Zero-Downtime Cluster Maintenance: Comparing the Procedures for Upgrades versus DB/OS Maintenance

Author: , Posted on Monday, August 26th, 2019 at 1:42:28pm

Overview

The Skinny

Part of the power of Tungsten Clustering for MySQL / MariaDB is the ability to perform true zero-downtime maintenance, allowing client applications full access to the database layer, while taking out individual nodes for maintenance and upgrades. In this blog post we cover various types of maintenance scenarios, the best practices associated with each type of action, and the key steps to ensure the highest availability.

Important Questions

Understand the Environment as a Whole First

There are a number of questions to ask when planning cluster maintenance that are critical to understand before starting.

For example:

  1. What is the cluster topology?
    • Standalone (connectors write to single cluster master)
      Single cluster: Locate the service name and the node list
    • Composite Master-Slave (CMS) (active/passive, connectors write to single cluster master)
      Multiple clusters: Locate the list of service names and the nodes per service
    • Composite Master-Master (CMM) (active/active, connectors write to multiple cluster masters)
      Multiple clusters: Locate the list of service names and the nodes per service
  2. Where are the connectors installed?

    Since the Connectors are where the calling client application meets the database layer, it is critical to understand where the Connectors are running and how they are being used by the various database clients to best plan the appropriate procedures for your deployment.

    • On the application servers?

      There is an architectural expectation that there is a load-balancer above multiple applications servers, which would remove the application node in the event of a Connector failure, and therefore remove any single point of failure at the application layer.

    • On a Connector farm fronted by a load balancing solution?
    • On the database nodes?
  3. What load-balancing solution is being used in front of the Connectors, if any?

    Tungsten Connectors are not inherently highly-available – they provide HA for the database layer, so some form of HA solution is required for the Connector layer.

    • How are client connections drained from an individual Connector?
    • Is this procedure fully documented and practiced?
  4. Are there any downstream consumers running the Tungsten Replicator?
  5. Is it possible to take a maintenance window?
  6. What are times of the least traffic during the week over the entire day?

Maintenance Scenario: Database or OS Restart

Rolling Thunder

This scenario covers cases where the database itself will be down, either because of an OS reboot or the restart of the MySQL daemon itself.

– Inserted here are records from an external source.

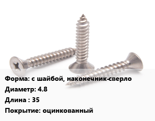 Саморез с шайбой, наконечник-сверло D=4.8 L=35 оцинкованный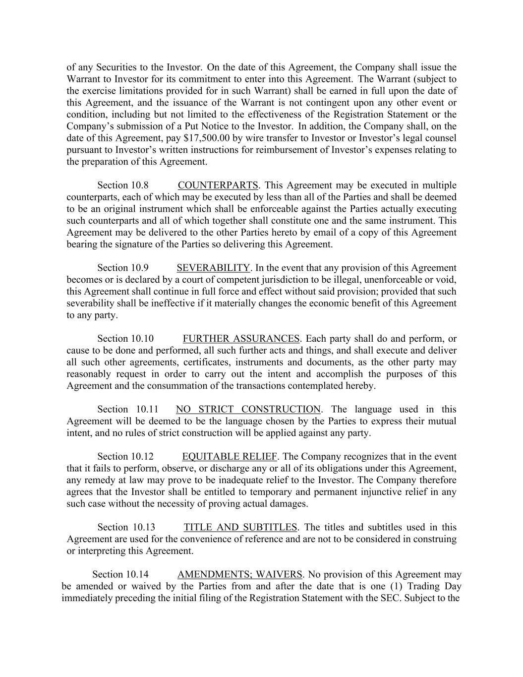 of any Securities to the Investor. On the date of this Agreement, the Company shall issue the Warrant to Investor for its commitment to enter into this Agreement. The Warrant (subject to the exercise limitations provided for in such Warrant) shall be earned in full upon the date of this Agreement, and the issuance of the Warrant is not contingent upon any other event or condition, including but not limited to the effectiveness of the Registration Statement or the Company’s submission of a Put Notice to the Investor. In addition, the Company shall, on the date of this Agreement, pay $17,500.00 by wire transfer to Investor or Investor’s legal counsel pursuant to Investor’s written instructions for reimbursement of Investor’s expenses relating to the preparation of this Agreement. Section 10.8 COUNTERPARTS. This Agreement may be executed in multiple counterparts, each of which may be executed by less than all of the Parties and shall be deemed to be an original instrument which shall be enforceable against the Parties actually executing such counterparts and all of which together shall constitute one and the same instrument. This Agreement may be delivered to the other Parties hereto by email of a copy of this Agreement bearing the signature of the Parties so delivering this Agreement. Section 10.9 SEVERABILITY. In the event that any provision of this Agreement becomes or is declared by a court of competent jurisdiction to be illegal, unenforceable or void, this Agreement shall continue in full force and effect without said provision; provided that such severability shall be ineffective if it materially changes the economic benefit of this Agreement to any party. Section 10.10 FURTHER ASSURANCES. Each party shall do and perform, or cause to be done and performed, all such further acts and things, and shall execute and deliver all such other agreements, certificates, instruments and documents, as the other party may reasonably request in order to carry out the intent and accomplish the purposes of this Agreement and the consummation of the transactions contemplated hereby. Section 10.11 NO STRICT CONSTRUCTION. The language used in this Agreement will be deemed to be the language chosen by the Parties to express their mutual intent, and no rules of strict construction will be applied against any party. Section 10.12 EQUITABLE RELIEF. The Company recognizes that in the event that it fails to perform, observe, or discharge any or all of its obligations under this Agreement, any remedy at law may prove to be inadequate relief to the Investor. The Company therefore agrees that the Investor shall be entitled to temporary and permanent injunctive relief in any such case without the necessity of proving actual damages. Section 10.13 TITLE AND SUBTITLES. The titles and subtitles used in this Agreement are used for the convenience of reference and are not to be considered in construing or interpreting this Agreement. Section 10.14 AMENDMENTS; WAIVERS. No provision of this Agreement may be amended or waived by the Parties from and after the date that is one (1) Trading Day immediately preceding the initial filing of the Registration Statement with the SEC. Subject to the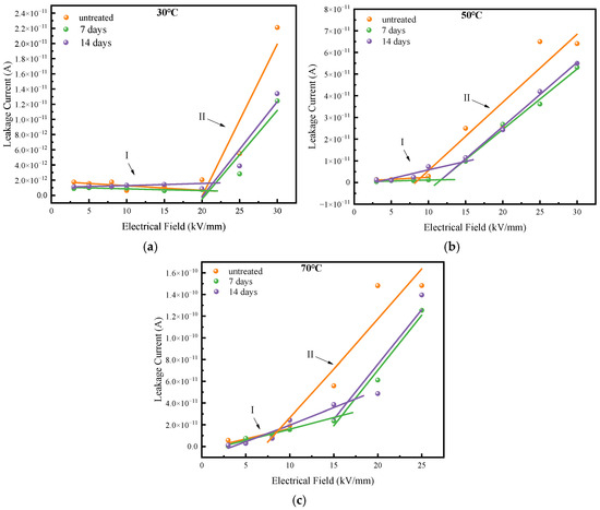 Leakage current of XLPE films. (a) Leakage current of XLPE film at 30 °C. (b) Leakage current of XLPE film at 50 °C. (c) Leakage current of XLPE film at 70 °C.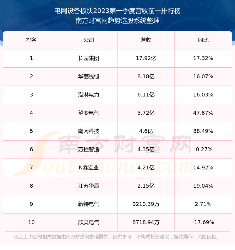 按照趋势选股系统统计,该股所属板块为电网设备板块,该板块共有12只股票,泰豪科技2023第一季度营收在该板块中排名为第12名,该板块2023第一季度营收排名前十的股票如下表:

The best practice for operations involving an OS reboot or a database restart is a procedure called “Rolling Maintenance”, where each database node is serviced one at a time.

The reason for this is that attention must be given to multiple layers in order to ensure uptime – look at both connections per Connector and connections per database (both available via cctrl> ls):

  • Database layer – the database will go down, so we need to prevent all client connections through the Connector to that database node prior the the reboot or restart, both existing and new.
    This is accomplished via the shun command within cctrl.
  • Connector layer – if the Connector is running on the database node and that node gets rebooted, then all connections through that Connector will be abruptly and ungracefully severed when the restart occurs.
    This needs to be handled by draining connections from that Connector in the load balancer layer above.  Note that if restarts are happening during a maintenance window and the application is offline, we do not have to drain the connector, further simplifying the process.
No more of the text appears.